De fait, l’offre PowerVM est incontournable pour mettre en œuvre la virtualisation sur Power Systems. Les anciennes gammes de serveurs IBM incluaient nativement les composants de virtualisation avec un inconvénient majeur sur le coût des machines d’entrée de gamme ainsi que sur la clarté de l’offre. Désormais, la virtualisation n’est plus incorporée dans l’offre IBM dite « Entry » et peut être retirée de tout serveur.
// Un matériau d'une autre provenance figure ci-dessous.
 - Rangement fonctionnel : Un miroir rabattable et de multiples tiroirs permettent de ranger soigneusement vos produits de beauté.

Cela permet donc de réduire le coût des configurations et surtout de communiquer auprès des clients IBM qu’il existe bel et bien une offre de virtualisation sur Power Systems.
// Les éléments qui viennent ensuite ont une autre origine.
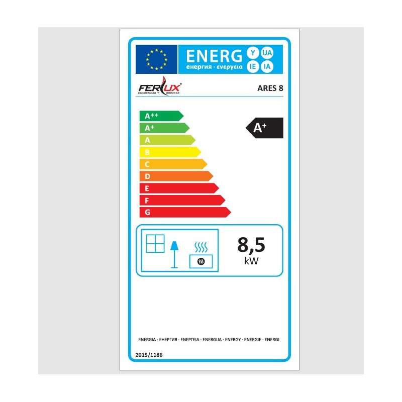 La Estufa de Pellets Ferlux 8Kw Ares Pellet con Diseño de Suelo que le permite encajar en espacios de baja altura. Volumen de calefacción de hasta 195m3. Eficiencia: 94%.
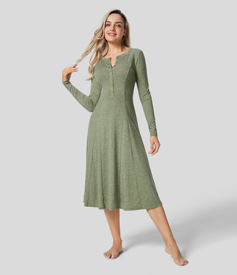 Halara - Rundhals-Knopf-Langarm-Flare-Midi-Freizeitkleid - Light Green
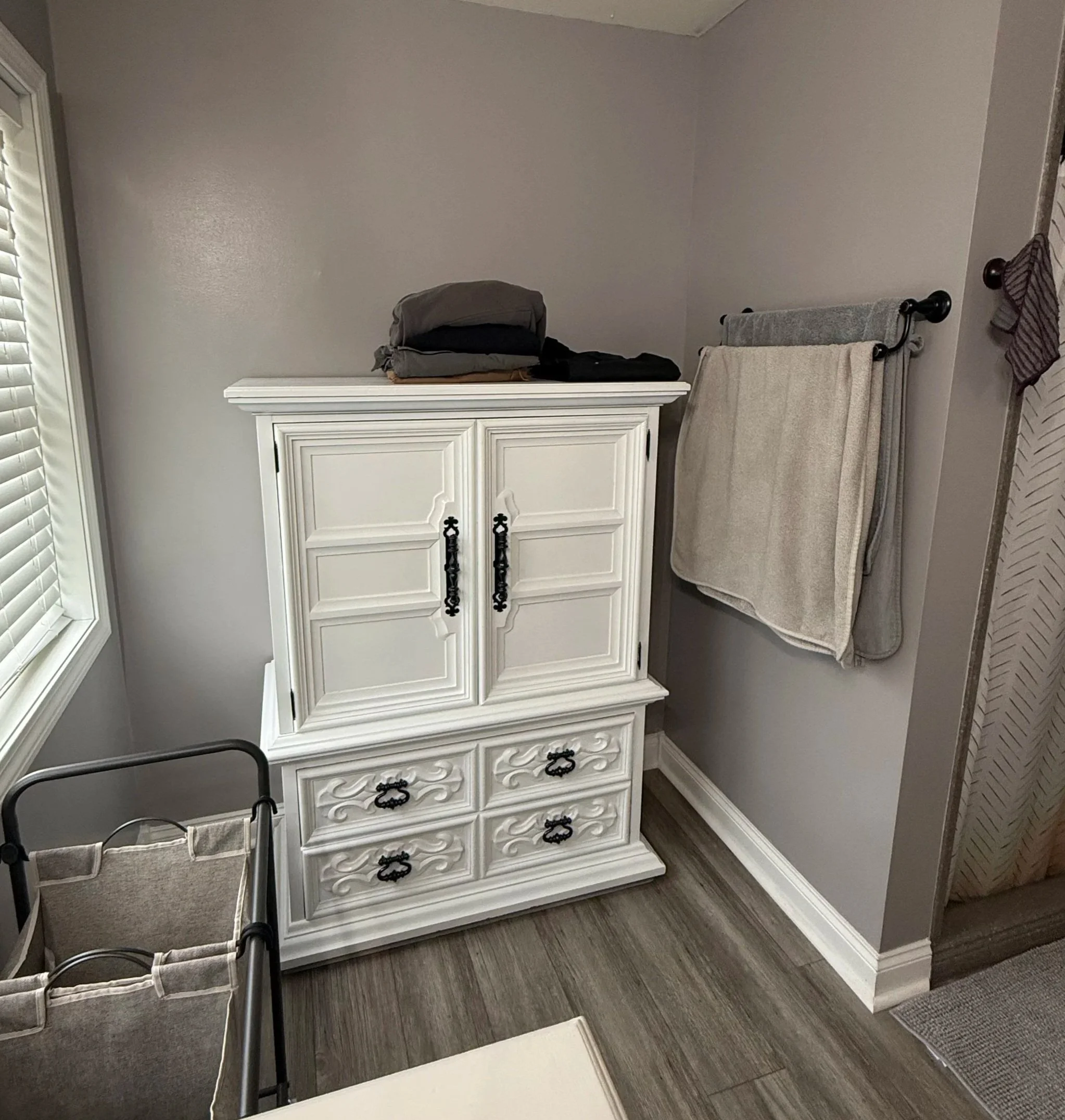This area originally had a standalone piece that did not fully utilize the space or provide efficient storage. The homeowner wanted a better fit with a finish that matched the existing vanity.
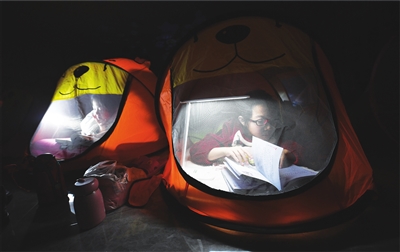 2月17日晚,省城一家书店内,孩子们正在帐篷里静享夜读。主办方希望通过这种方式引导孩子热爱读书、热爱学习。 记者 邓寅明 摄
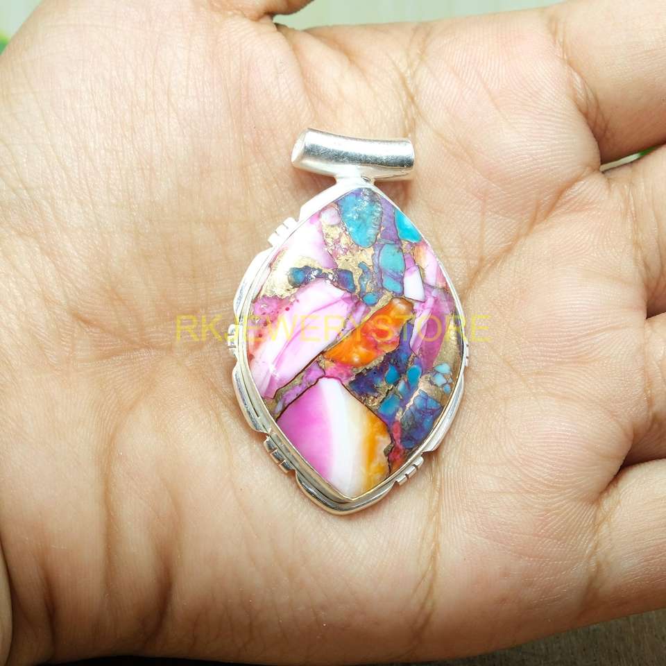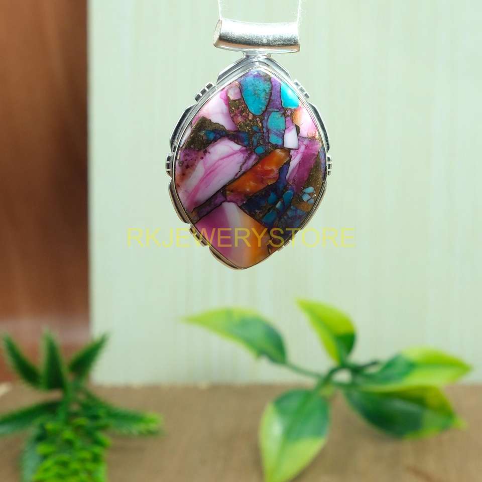 ชื่อหรือคำ:จี้หินโมเสกหลากสี ทำมือ เงินแท้ 925

La virtualisation sur IBM i 6.1
La majorité des nouvelles fonctions n’est disponible que sur les serveurs à base de processeurs POWER6 (Power Systems). En ce qui concerne la version, bien que la V5R4 soit supportée sur les POWER6 (avec un microcode V5R4M5), il ne faut pas se leurrer : la virtualisation avancée n’est réellement utilisable qu’avec la version V6R1 (i 6.1). De nombreuses contraintes techniques viennent d’être levées avec i 6.1, en effet, il est désormais possible de totalement virtualiser un environnement IBM i (ex i5/OS).
Partitions i virtuelles
Jusqu’à présent, pour créer un environnement, il était nécessaire de disposer, au minimum, de disques (internes ou externes sur SAN), d’un contrôleur SCSI ou Fibre Channel, d’une carte réseau, d’un attachement bande pour les sauvegardes et restaurations et d’un lecteur de DVD. Comme nous venons de le dire, IBM i est intégralement virtualisable, cela signifie que l’on peut maintenant virtualiser les ressources disques, Ethernet, bande et DVD. Pour cela, deux options sont proposées : Virtual I/O Server et i 6.1 « Server ».
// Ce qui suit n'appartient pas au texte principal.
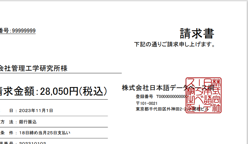 請求書や領収書などで印影を印刷する際に、以下の例のように文字領域と印影を重ねることができます。
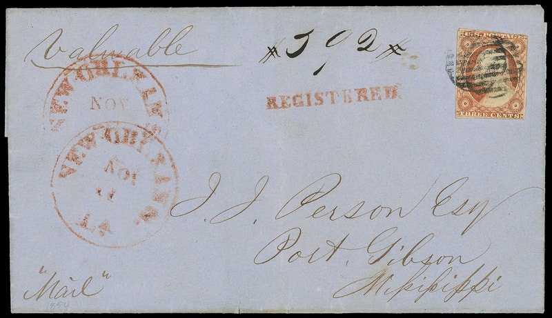 New Orleans La. "Registered", choice red straightline and ms. "502" number, matching two strikes of red "New Orleans La. Nov 11" cds on 1853 blue folded letter to Port Gibson Miss., endorsed " Valuable " at top left, Very Fine.
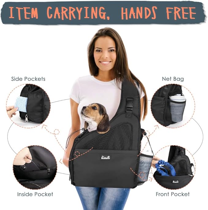 Lukovee Dog Slings for Small Dogs, Hard Bottom Support & Adjustable Soft Padded Shoudler Strap Dog Sling Carrier, Dog Purse with Button Closure & Zipper Pockets (for Pets 6-12 lbs, Black)
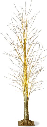 - 5Ft tall artificial pine tree made of plastic with a gold finish and 900 warm white LED lights measuring 16 inches in length and 16 inches in width.
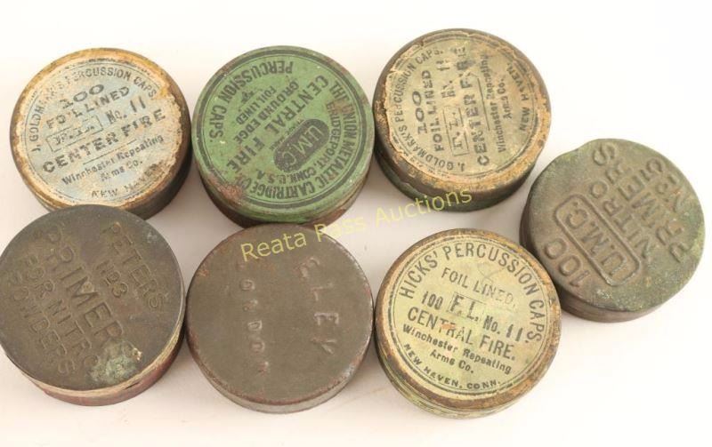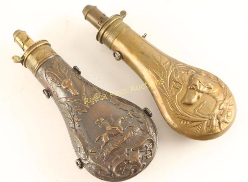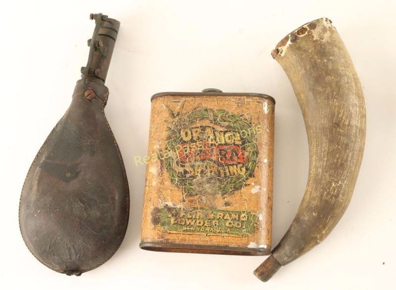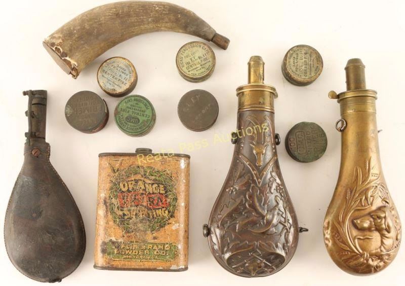 Includes a 'G&J.W. Hawksley' brass powder flask, a leather shots flask, priming horn, an orange extra sporting powder tin, several antique percussion tins and a brass powder flask with hunting dog scene marked 'G. Roe'. Interesting collection. All appear to be original.

En effet, l’environnement IBM i virtuel sera considéré comme client ou hosted, et il pourra alors être hébergé sur une partition Virtual I/O Server ou sur une partition IBM i dite serveur ou host.
Les partitions host (VIOS ou IBM i) vont fournir des ressources virtuelles (SCSI virtuel, bande virtuelle, DVD virtuel …) à la partition hosted. On peut donc créer très simplement une partition de test ou de recette sans la nécessité d’ajouter du hardware, il suffit alors d’utiliser les ressources existantes.
Il est tout à fait possible de créer une partition i qui s’allouerait toutes les ressources et qui n’aurait comme principale et unique fonction, que la simple fourniture de ressources virtuelles aux partitions IBM i de production. Virtual I/O Server a d’ailleurs été créé dans ce sens. Bien entendu, l’arrêt de la partition host, entraîne un arrêt brutal des partitions clientes. Cette technologie offre ainsi de nombreuses fonctions.

Support de IBM i dans une lame BladeCenter
Les BladeCenter « envahissent » les salles machines, ils ont la particularité d’offrir des niveaux de redondance et de consolidation extrêmement élevés. Mais comment imaginer qu’un environnement i soit supporté sur une simple lame dans un BladeCenter ?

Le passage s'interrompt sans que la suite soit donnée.